The most direct way the federal government could relieve housing cost burdens on low-income households is by giving them subsidies. Unlike food stamps or Medicaid, federal housing subsidies are not an entitlement: currently around one in five eligible renter households receives federal assistance. Policies that boost incomes—like the earned income tax credit, the minimum wage, or a proposed universal basic income—also help poor families pay for housing.
Q. What are consistent themes in this year’s presidential campaign proposals?
Three common features have emerged among 2020 presidential candidates’ housing proposals: alleviating housing cost burdens for low- and middle-income families, addressing local regulatory barriers to supply, and mitigating the impacts of past racially discriminatory policies.
Several candidates have proposed establishing new federal tax credits for renters. Conceptually similar to the mortgage interest deduction for homeowners, these credits would refund some income when renters file their federal taxes. One possible concern with giving households more money to spend on rent is that, in places like California with restrictive zoning, subsidies will just drive up rents. That’s a less likely outcome in cities where housing is abundant or easy to build, such as Houston or Detroit. The more households that receive subsidies—by extending them further up the income scale, for example—the greater the likely impact on housing prices.
There are also novel proposals for the federal government to use a combination of financial carrots and sticks to induce local governments to reform their zoning laws. The likely success depends on how big the financial incentives would be; the most exclusionary local governments tend to be wealthy suburbs that receive little funding directly from HUD. Tying federal transportation funds to zoning reform is potentially a more promising approach.

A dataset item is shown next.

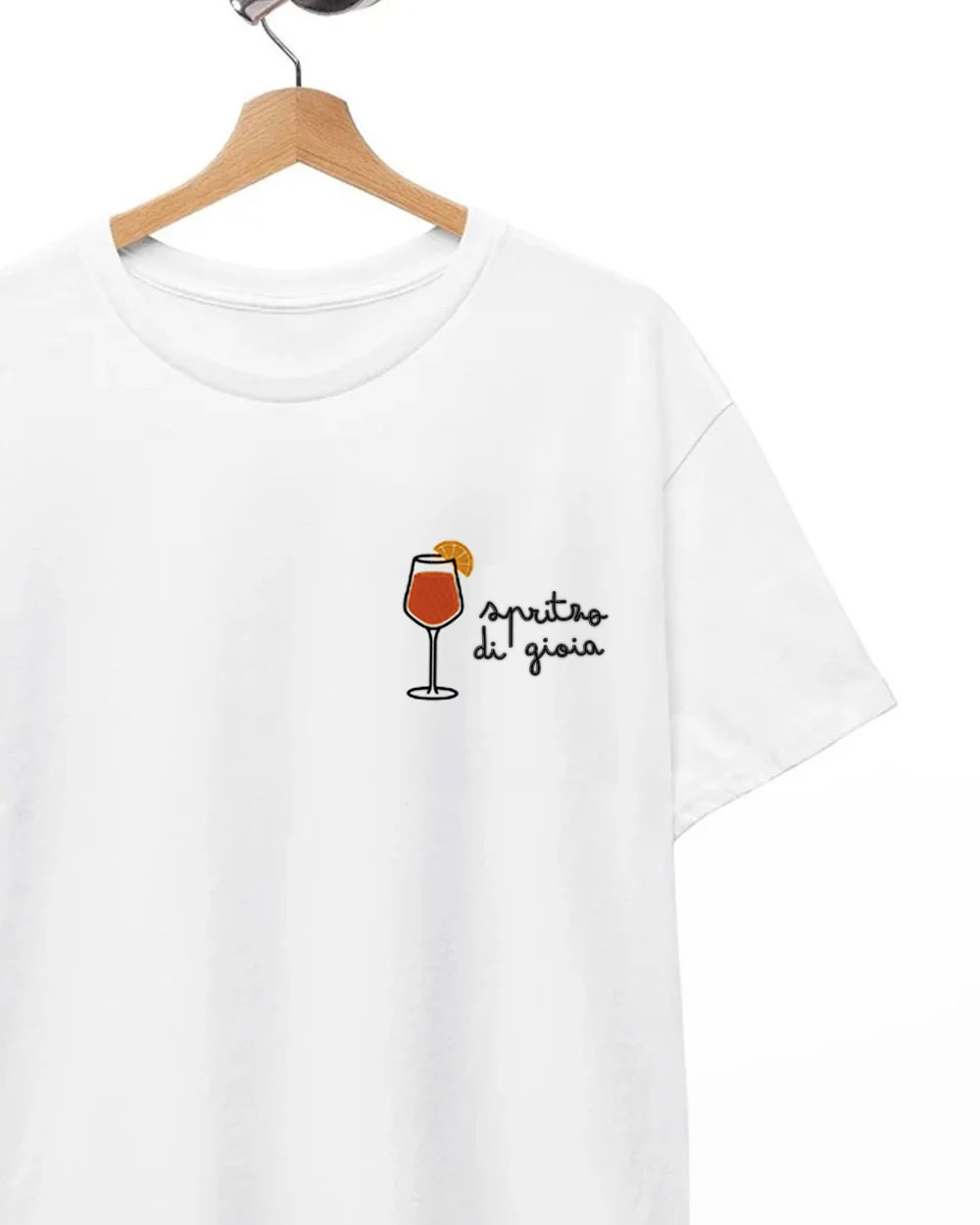 T-Shirt Maglietta Personalizzata Scritta Ricamata Divertente “Spritzo di Gioia” – Idea Regalo Compleanno Lei, per Amica

A number of candidates are explicitly framing their housing plans as responses to racially discriminatory policies of the past. Specifically, black households today have lower homeownership rates and overall wealth than white households due to historic redlining, the federal government’s practice of systematically denying mortgages to black applicants and black neighborhoods. One proposed solution is a new “baby bonds” program, a federal annual grant to families with children, with a sliding scale based on income. Other proposals include downpayment subsidies for people living in historically redlined communities and more rigorous enforcement of federal fair housing laws. These proposals essentially try to remedy racial disparities without explicitly using race. However, neither family income nor geography are perfectly correlated with race, making precise targeting of benefits difficult.